As the founder and president of Richard White Wood Products, White was active in the small business community and politics. He was appointed by President Ronald Reagan as a moderator for the White House Conference of Small Businesses, received the Small Business Exporter of the Year award by the U.S. Small Business Administration and Governor Martha Layne Collins. He also served as co-chair of the Rowan County Republican Party, chair of George W. Bush's Rowan County election committee, and a member of the Republican Party of Kentucky's central committee.

== Political career ==

=== Collapse at Kentucky State Capitol ===
In February 2022, White collapsed while in a meeting with other state legislators at the Kentucky State Capitol. He was taken by ambulance to Frankfort Regional Hospital where he was admitted under critical condition.
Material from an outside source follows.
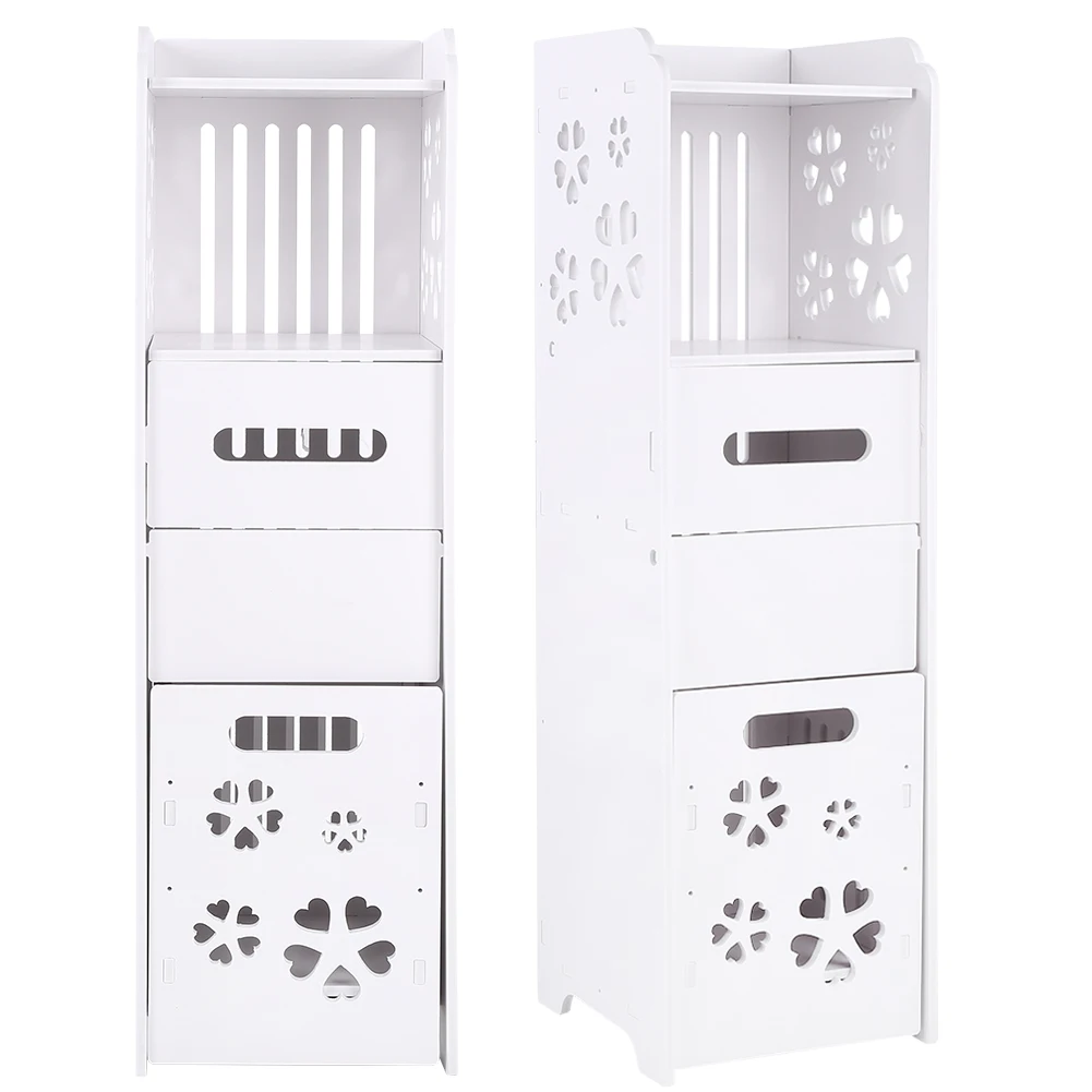 Bathroom Toilet Furniture Cabinet White Wood Cupboard Shelf Tissue Storage Rack Bathroom Storage Cabinet 80x15.5x15CM
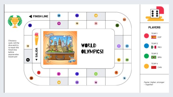 Choose a card, roll the dice and try to reach the finish line before anyone else. Good luck!

It was found that he had internal bleeding in his intestinal tract, and had already lost a significant amount of blood. After his condition continued to deteriorate, he was life flighted to the University of Kentucky's Albert B. Chandler Hospital for immediate surgery, which was successful.

=== Elections ===

- 1992 (special) Kentucky's 27th Senate district incumbent Woody May resigned from office on November 25, 1991, due to health concerns. Governor Paul Patton called for a special election to be held on January 7, 1992, to fill the vacancy. White was selected as the Republican candidate for the race but was defeated in the 1992 Kentucky special election, garnering 3,024 votes (32.3%) against Democratic candidate Walter Blevins.
- 1992 White won the 1992 Republican primary for Kentucky's 27th Senate district with 2,371 votes (68.6%) but was defeated in the 1992 Kentucky Senate election, garnering 14,667 votes (46.1%) against Democratic incumbent Walter Blevins.
- 2008 White was unopposed in the 2008 Republican primary for Kentucky's 27th Senate district but was defeated in the 2008 Kentucky Senate election, garnering 14,717 votes (35.1%) against Democratic incumbent Walter Blevins.
- 2020 (special) Kentucky's 99th House district incumbent and minority leader Rocky Adkins resigned from office on December 10, 2019, following his appointment as senior advisor to Governor Andy Beshear. Governor Beshear subsequently called for a special election to be held on February 25, 2020, to fill the vacancies left in the 67th and 99th House districts. White won the 2020 Kentucky House of Representatives special election with 4,750 votes (56%) against Democratic candidate Bill Redwine.
- 2020 White was unopposed in the 2020 Republican primary and won the 2020 Kentucky House of Representatives election with 12,101 votes (64.6%) against Democratic candidate Bill Redwine.
- 2022 White was unopposed in the 2022 Republican primary and won the 2022 Kentucky House of Representatives election with 8,188 votes (60.4%) against Democratic candidate Kevin Anderson.
- 2024 White was unopposed in both the 2024 Republican primary and the 2024 Kentucky House of Representatives election, winning the latter with 13,351 votes.